Stored data

^^^^

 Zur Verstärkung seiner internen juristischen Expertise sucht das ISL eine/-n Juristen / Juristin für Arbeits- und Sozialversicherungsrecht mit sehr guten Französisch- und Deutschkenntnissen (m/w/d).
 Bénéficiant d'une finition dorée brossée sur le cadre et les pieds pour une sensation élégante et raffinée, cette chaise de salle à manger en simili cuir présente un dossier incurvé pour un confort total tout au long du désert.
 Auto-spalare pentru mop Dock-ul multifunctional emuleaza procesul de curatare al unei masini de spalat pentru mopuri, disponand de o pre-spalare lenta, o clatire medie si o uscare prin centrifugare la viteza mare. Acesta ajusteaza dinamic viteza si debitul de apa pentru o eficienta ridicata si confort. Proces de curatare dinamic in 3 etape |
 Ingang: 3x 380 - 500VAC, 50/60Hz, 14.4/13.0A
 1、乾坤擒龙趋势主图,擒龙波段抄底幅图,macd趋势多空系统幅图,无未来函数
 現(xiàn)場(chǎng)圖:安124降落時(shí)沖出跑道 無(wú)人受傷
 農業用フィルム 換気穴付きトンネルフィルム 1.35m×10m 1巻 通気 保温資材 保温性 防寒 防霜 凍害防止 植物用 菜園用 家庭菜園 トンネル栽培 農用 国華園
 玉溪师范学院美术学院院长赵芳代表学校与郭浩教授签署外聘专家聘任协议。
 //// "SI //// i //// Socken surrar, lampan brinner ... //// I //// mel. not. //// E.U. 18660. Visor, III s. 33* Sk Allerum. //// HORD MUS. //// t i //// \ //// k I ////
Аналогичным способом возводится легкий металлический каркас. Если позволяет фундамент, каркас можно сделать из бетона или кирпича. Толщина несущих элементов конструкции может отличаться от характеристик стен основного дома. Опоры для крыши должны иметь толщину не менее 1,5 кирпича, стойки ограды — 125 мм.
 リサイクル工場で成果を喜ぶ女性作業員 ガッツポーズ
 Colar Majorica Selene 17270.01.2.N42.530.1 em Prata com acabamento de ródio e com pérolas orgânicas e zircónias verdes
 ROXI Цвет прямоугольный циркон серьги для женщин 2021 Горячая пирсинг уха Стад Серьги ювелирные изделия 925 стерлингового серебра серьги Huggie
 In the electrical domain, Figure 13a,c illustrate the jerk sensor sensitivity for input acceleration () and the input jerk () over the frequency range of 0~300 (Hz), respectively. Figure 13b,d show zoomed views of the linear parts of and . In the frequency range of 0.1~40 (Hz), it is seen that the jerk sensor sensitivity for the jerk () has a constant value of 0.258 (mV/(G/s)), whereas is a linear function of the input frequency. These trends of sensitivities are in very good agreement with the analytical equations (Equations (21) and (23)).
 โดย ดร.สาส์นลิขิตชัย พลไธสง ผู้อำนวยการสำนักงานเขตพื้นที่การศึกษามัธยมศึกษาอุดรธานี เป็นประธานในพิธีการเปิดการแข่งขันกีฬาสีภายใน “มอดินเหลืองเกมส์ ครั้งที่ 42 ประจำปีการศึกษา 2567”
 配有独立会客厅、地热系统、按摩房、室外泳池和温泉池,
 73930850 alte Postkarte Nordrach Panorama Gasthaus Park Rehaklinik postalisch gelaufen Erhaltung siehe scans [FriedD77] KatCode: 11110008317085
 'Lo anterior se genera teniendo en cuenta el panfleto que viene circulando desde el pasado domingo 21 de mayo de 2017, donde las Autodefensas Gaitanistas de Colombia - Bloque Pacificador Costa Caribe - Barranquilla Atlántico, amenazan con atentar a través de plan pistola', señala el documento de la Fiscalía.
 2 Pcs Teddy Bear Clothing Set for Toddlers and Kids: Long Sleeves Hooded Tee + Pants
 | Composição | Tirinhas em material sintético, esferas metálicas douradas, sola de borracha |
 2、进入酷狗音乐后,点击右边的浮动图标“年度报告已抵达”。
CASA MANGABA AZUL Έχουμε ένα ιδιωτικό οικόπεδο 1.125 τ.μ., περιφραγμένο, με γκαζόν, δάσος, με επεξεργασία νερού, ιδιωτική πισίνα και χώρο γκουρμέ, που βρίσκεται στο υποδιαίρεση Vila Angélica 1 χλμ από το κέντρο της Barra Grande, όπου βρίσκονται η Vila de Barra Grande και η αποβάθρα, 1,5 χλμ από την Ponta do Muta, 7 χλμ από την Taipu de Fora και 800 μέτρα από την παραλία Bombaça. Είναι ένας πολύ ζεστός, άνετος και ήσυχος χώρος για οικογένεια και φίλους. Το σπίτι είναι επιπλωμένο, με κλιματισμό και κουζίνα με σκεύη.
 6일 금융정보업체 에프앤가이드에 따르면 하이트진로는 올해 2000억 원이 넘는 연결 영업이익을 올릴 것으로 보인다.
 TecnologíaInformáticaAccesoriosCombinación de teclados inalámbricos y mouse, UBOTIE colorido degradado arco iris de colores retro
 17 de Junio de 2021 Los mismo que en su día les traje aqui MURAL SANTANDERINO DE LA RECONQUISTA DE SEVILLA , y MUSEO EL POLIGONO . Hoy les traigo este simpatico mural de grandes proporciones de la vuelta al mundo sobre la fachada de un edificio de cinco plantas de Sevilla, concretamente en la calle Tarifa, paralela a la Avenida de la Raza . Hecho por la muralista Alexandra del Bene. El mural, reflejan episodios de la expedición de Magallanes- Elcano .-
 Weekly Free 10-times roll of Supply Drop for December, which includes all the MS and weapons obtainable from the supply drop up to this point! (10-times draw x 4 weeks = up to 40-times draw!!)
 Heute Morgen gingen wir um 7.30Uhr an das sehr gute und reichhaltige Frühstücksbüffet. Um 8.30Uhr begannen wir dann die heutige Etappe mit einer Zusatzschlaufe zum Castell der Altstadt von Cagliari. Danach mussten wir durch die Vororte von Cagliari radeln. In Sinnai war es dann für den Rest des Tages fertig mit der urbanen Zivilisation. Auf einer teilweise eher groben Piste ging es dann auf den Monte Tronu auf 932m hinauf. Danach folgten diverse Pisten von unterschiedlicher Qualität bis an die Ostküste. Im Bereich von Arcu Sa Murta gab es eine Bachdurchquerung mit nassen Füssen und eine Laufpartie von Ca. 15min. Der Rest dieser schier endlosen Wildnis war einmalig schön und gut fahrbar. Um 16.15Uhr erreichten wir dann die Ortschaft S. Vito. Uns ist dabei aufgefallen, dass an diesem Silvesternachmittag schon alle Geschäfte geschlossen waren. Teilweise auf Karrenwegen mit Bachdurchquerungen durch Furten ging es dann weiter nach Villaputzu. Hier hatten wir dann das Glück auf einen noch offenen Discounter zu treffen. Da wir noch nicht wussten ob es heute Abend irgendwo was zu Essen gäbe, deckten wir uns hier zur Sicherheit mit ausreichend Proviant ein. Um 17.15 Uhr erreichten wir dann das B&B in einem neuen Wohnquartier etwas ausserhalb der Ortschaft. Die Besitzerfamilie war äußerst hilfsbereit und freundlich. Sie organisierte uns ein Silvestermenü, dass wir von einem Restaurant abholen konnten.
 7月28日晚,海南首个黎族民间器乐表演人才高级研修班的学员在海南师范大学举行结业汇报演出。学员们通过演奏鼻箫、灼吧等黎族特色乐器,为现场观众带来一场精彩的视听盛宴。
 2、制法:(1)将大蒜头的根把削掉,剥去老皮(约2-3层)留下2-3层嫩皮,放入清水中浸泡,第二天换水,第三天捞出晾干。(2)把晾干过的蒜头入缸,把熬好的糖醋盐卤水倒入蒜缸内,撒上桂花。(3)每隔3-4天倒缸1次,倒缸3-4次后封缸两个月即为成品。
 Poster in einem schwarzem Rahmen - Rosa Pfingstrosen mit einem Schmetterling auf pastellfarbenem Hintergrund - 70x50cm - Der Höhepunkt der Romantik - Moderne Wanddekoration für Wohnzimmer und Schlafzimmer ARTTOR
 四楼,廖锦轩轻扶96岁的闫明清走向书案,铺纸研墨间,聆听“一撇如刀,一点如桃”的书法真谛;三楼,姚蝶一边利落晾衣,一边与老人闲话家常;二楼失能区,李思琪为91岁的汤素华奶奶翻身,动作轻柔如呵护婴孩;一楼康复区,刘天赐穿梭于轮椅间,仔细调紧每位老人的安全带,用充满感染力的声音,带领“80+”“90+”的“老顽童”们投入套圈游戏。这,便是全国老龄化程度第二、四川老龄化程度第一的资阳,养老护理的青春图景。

^^^^

- **TASK STATEMENT**
Output exactly the lines of the records from the first through the one bearing "ROXI Цвет прямоугольный", both ends included.

- **EXPECTED ANSWER**
 Zur Verstärkung seiner internen juristischen Expertise sucht das ISL eine/-n Juristen / Juristin für Arbeits- und Sozialversicherungsrecht mit sehr guten Französisch- und Deutschkenntnissen (m/w/d).
 Bénéficiant d'une finition dorée brossée sur le cadre et les pieds pour une sensation élégante et raffinée, cette chaise de salle à manger en simili cuir présente un dossier incurvé pour un confort total tout au long du désert.
 Auto-spalare pentru mop Dock-ul multifunctional emuleaza procesul de curatare al unei masini de spalat pentru mopuri, disponand de o pre-spalare lenta, o clatire medie si o uscare prin centrifugare la viteza mare. Acesta ajusteaza dinamic viteza si debitul de apa pentru o eficienta ridicata si confort. Proces de curatare dinamic in 3 etape |
 Ingang: 3x 380 - 500VAC, 50/60Hz, 14.4/13.0A
 1、乾坤擒龙趋势主图,擒龙波段抄底幅图,macd趋势多空系统幅图,无未来函数
 現(xiàn)場(chǎng)圖:安124降落時(shí)沖出跑道 無(wú)人受傷
 農業用フィルム 換気穴付きトンネルフィルム 1.35m×10m 1巻 通気 保温資材 保温性 防寒 防霜 凍害防止 植物用 菜園用 家庭菜園 トンネル栽培 農用 国華園
 玉溪师范学院美术学院院长赵芳代表学校与郭浩教授签署外聘专家聘任协议。
 //// "SI //// i //// Socken surrar, lampan brinner ... //// I //// mel. not. //// E.U. 18660. Visor, III s. 33* Sk Allerum. //// HORD MUS. //// t i //// \ //// k I ////
Аналогичным способом возводится легкий металлический каркас. Если позволяет фундамент, каркас можно сделать из бетона или кирпича. Толщина несущих элементов конструкции может отличаться от характеристик стен основного дома. Опоры для крыши должны иметь толщину не менее 1,5 кирпича, стойки ограды — 125 мм.
 リサイクル工場で成果を喜ぶ女性作業員 ガッツポーズ
 Colar Majorica Selene 17270.01.2.N42.530.1 em Prata com acabamento de ródio e com pérolas orgânicas e zircónias verdes
 ROXI Цвет прямоугольный циркон серьги для женщин 2021 Горячая пирсинг уха Стад Серьги ювелирные изделия 925 стерлингового серебра серьги Huggie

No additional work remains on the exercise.